Exercise aim ->
Only one stretch of the data below should be repeated: the lines from the line containing "12950HX测试成绩为15230,110W款i9 11980HK为11252,95W的i9 12900H为12294。" through the line containing "9세~24세 여성 청소년을", inclusive, exactly as they are.

[Data extracted from a collection]
=== Section Start ===

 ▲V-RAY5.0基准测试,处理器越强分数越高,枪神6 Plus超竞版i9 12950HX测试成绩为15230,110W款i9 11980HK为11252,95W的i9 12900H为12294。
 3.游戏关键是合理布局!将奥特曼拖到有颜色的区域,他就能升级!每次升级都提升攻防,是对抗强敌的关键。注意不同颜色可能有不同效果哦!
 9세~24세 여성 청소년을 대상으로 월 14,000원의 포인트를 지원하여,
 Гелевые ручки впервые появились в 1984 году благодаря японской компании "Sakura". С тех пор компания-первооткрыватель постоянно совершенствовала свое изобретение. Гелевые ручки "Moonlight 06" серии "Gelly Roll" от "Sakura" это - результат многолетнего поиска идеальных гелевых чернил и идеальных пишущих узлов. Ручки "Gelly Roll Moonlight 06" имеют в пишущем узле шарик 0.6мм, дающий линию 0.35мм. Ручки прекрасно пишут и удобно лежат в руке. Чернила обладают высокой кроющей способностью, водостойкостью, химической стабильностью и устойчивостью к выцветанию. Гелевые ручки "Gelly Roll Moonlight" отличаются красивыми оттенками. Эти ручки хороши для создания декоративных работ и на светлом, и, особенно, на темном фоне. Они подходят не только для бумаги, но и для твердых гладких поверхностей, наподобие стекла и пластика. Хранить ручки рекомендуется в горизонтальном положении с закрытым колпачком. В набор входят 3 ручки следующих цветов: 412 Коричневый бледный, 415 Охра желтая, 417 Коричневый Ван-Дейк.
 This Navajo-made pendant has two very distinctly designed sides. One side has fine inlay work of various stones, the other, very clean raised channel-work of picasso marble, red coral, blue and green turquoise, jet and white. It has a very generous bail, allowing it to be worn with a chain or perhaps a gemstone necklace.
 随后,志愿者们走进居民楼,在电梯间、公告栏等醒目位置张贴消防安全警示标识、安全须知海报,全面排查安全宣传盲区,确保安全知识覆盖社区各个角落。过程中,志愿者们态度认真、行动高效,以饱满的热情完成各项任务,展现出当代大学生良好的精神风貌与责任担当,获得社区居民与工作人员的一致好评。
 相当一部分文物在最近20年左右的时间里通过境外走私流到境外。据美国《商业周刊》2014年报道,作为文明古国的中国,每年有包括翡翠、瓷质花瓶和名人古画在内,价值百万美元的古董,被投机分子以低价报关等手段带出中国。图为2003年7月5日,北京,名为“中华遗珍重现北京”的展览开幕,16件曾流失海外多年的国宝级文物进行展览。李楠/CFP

=== Section End ===
=== Section Start ===

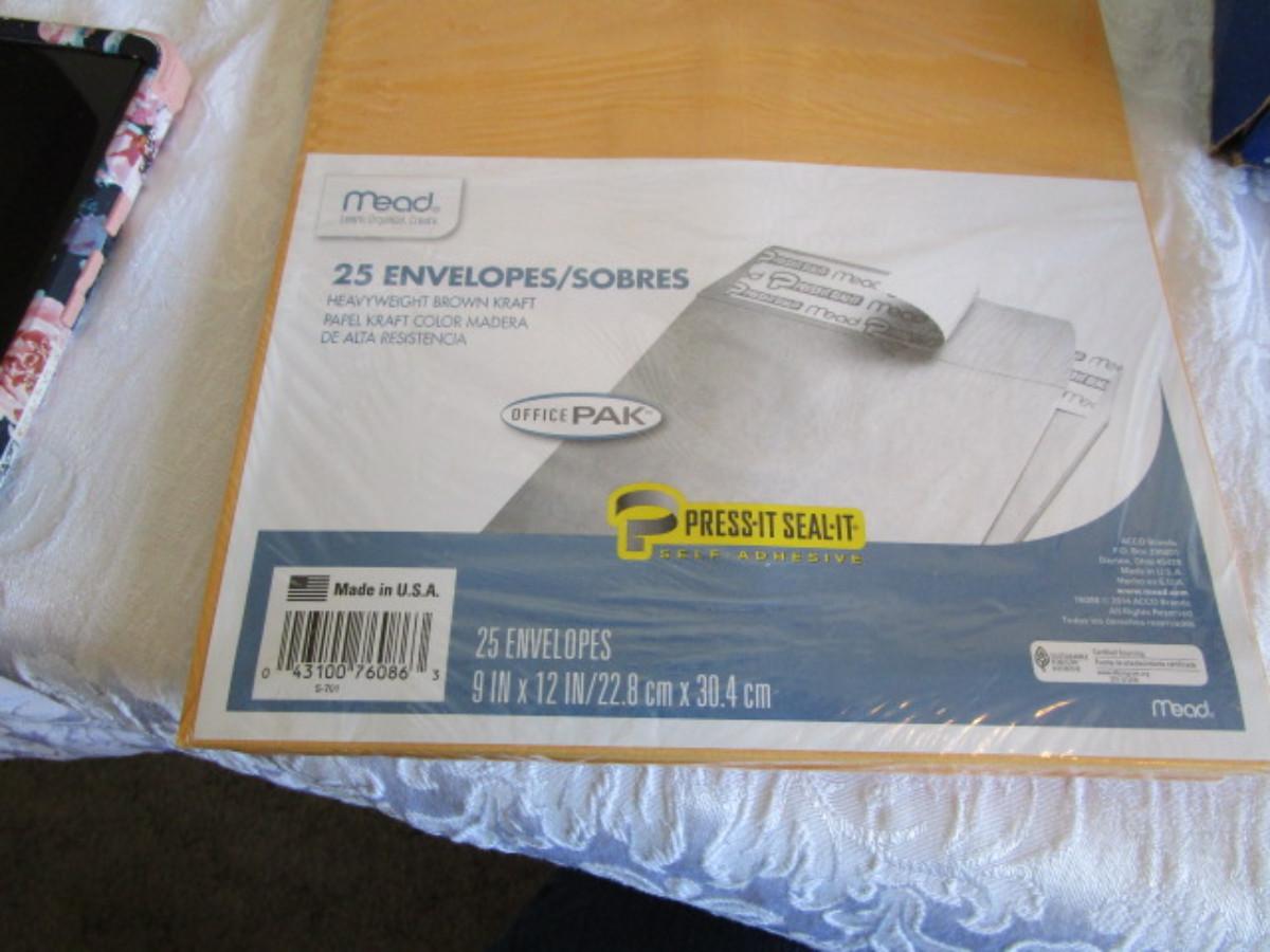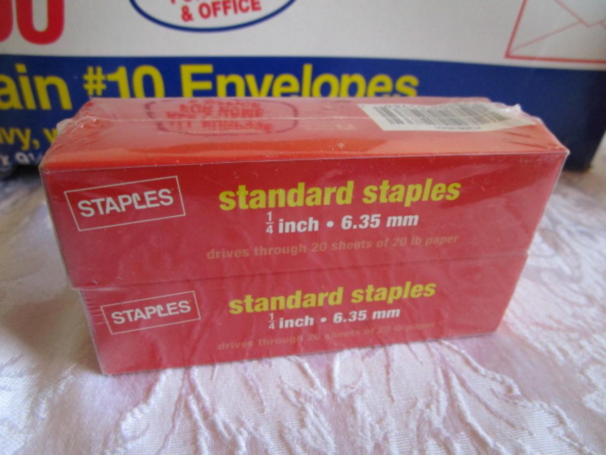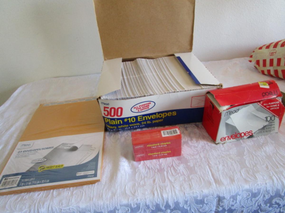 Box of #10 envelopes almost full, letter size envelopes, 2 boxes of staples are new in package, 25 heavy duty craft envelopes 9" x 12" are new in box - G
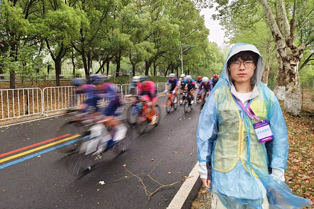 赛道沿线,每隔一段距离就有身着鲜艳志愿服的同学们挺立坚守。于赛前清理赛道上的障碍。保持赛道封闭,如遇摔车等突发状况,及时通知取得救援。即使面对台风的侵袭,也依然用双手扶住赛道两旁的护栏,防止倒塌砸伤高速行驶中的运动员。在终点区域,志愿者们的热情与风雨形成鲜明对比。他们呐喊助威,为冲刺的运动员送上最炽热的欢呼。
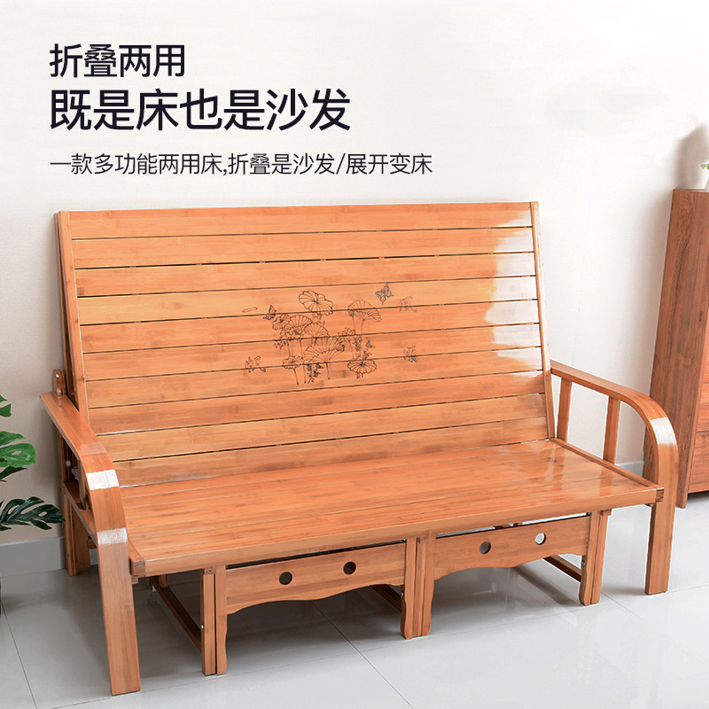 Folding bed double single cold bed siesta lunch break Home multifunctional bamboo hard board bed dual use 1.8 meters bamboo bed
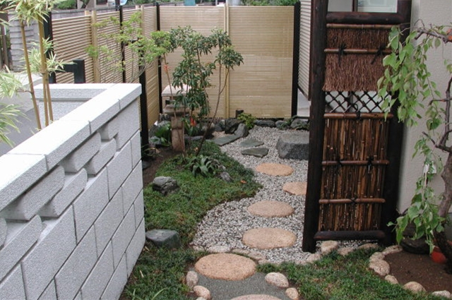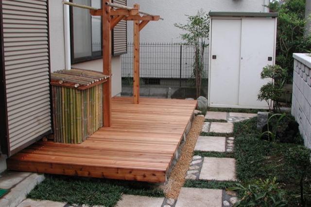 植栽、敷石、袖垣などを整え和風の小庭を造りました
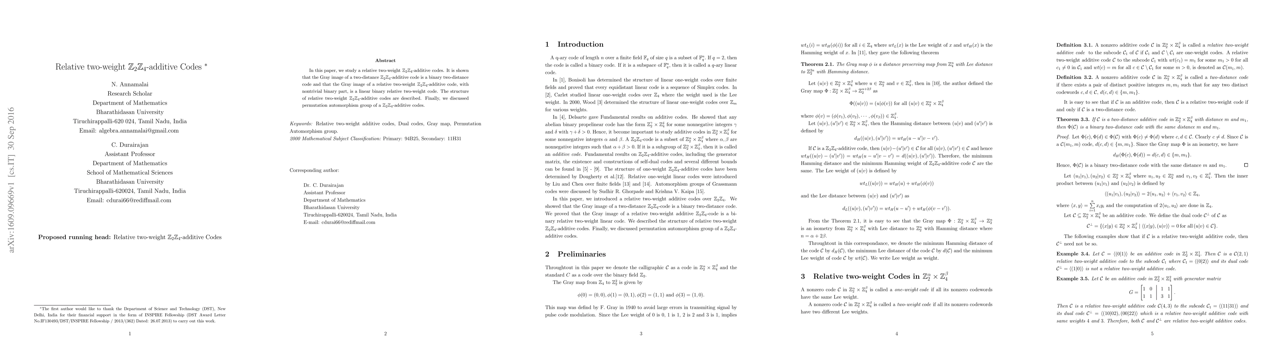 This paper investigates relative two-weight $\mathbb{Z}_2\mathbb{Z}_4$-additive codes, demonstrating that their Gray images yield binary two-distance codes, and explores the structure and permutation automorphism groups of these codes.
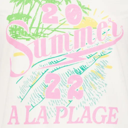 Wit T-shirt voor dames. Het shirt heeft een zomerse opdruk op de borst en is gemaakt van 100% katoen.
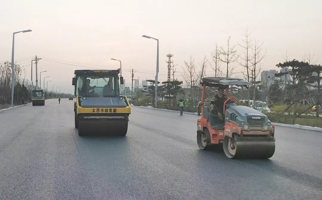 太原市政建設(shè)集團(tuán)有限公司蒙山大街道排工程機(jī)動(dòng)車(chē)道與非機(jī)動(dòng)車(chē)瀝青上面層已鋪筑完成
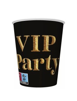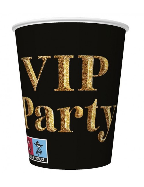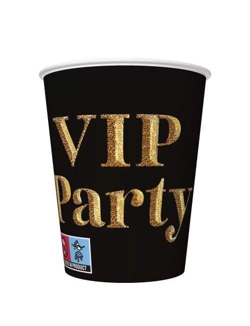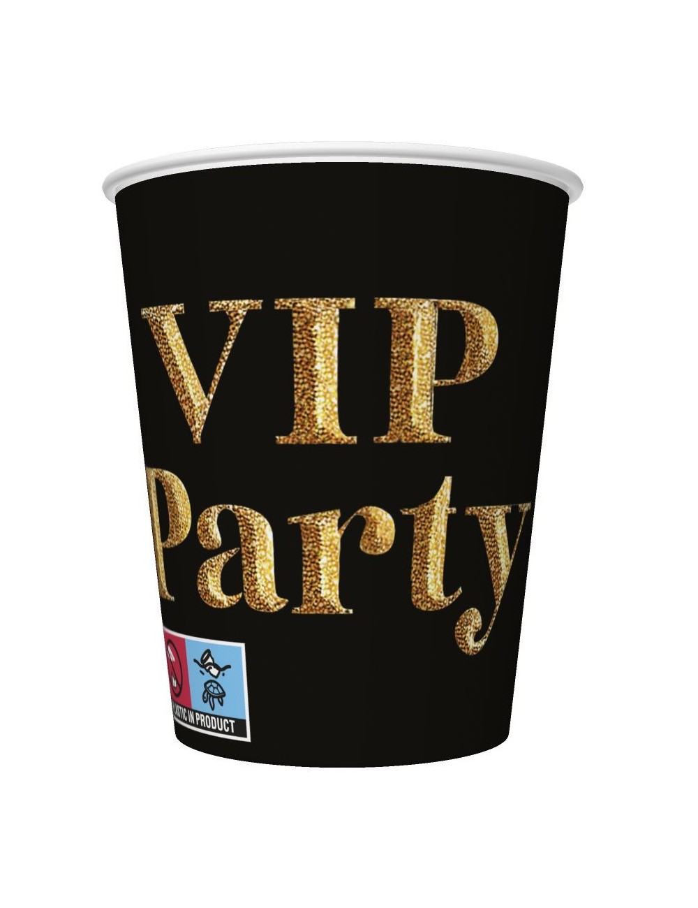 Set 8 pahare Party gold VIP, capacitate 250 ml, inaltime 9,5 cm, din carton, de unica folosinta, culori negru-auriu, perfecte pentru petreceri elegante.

=== Section End ===
=== Section Start ===

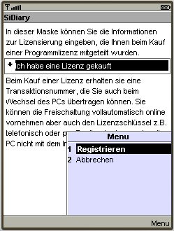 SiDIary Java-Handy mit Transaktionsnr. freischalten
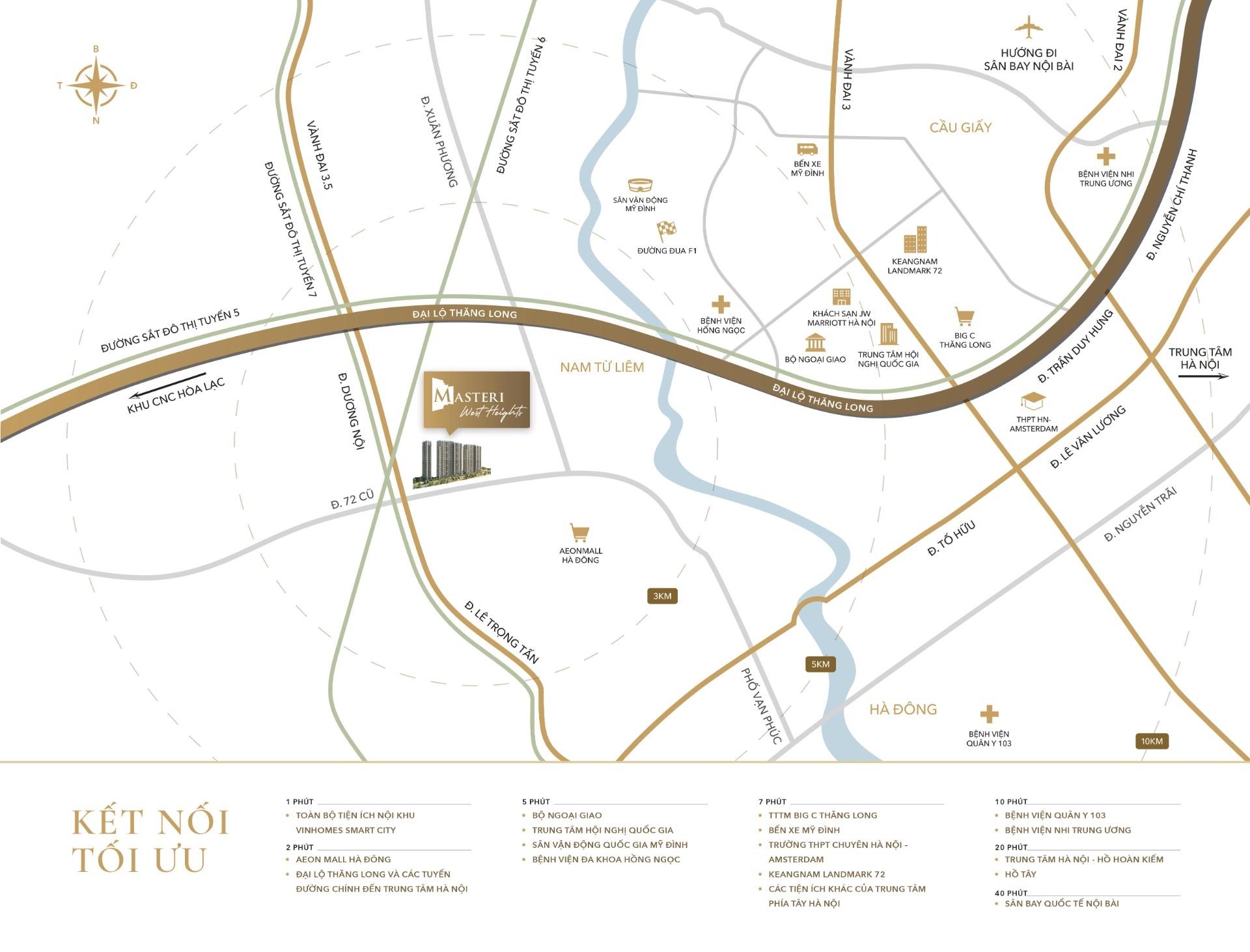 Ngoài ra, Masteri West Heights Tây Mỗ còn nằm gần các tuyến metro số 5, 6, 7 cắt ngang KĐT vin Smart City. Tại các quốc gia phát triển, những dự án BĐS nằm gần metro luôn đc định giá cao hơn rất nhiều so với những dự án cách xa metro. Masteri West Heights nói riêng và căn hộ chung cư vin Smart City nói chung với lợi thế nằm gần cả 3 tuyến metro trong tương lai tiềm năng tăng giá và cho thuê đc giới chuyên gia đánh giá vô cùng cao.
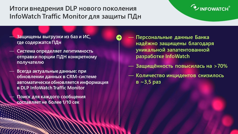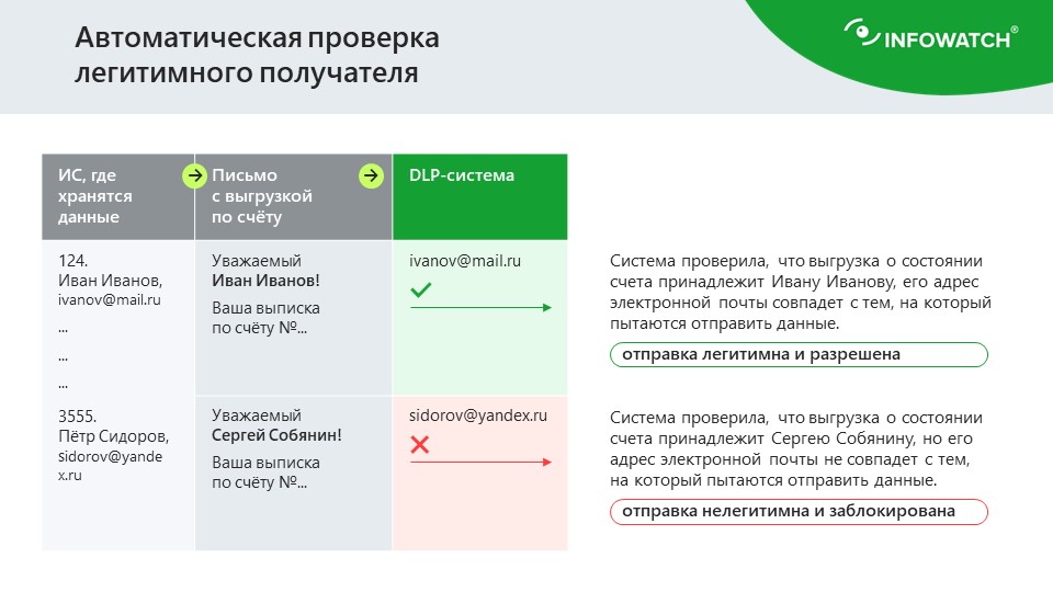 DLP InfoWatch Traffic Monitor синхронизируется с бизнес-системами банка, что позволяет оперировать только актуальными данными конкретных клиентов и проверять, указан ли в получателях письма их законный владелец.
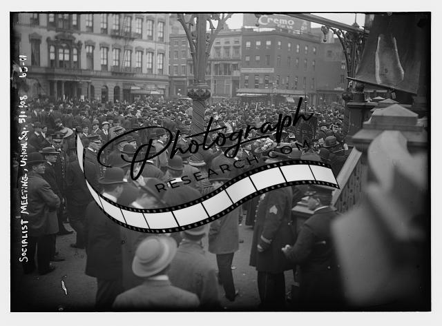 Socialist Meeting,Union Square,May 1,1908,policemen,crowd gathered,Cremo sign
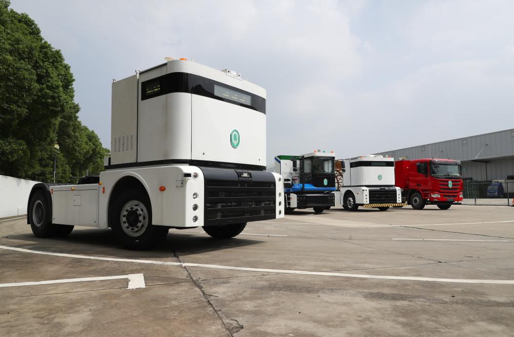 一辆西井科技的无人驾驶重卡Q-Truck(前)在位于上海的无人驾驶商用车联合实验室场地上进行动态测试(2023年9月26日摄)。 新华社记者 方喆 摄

=== Section End ===

Your solution ->
 ▲V-RAY5.0基准测试,处理器越强分数越高,枪神6 Plus超竞版i9 12950HX测试成绩为15230,110W款i9 11980HK为11252,95W的i9 12900H为12294。
 3.游戏关键是合理布局!将奥特曼拖到有颜色的区域,他就能升级!每次升级都提升攻防,是对抗强敌的关键。注意不同颜色可能有不同效果哦!
 9세~24세 여성 청소년을 대상으로 월 14,000원의 포인트를 지원하여,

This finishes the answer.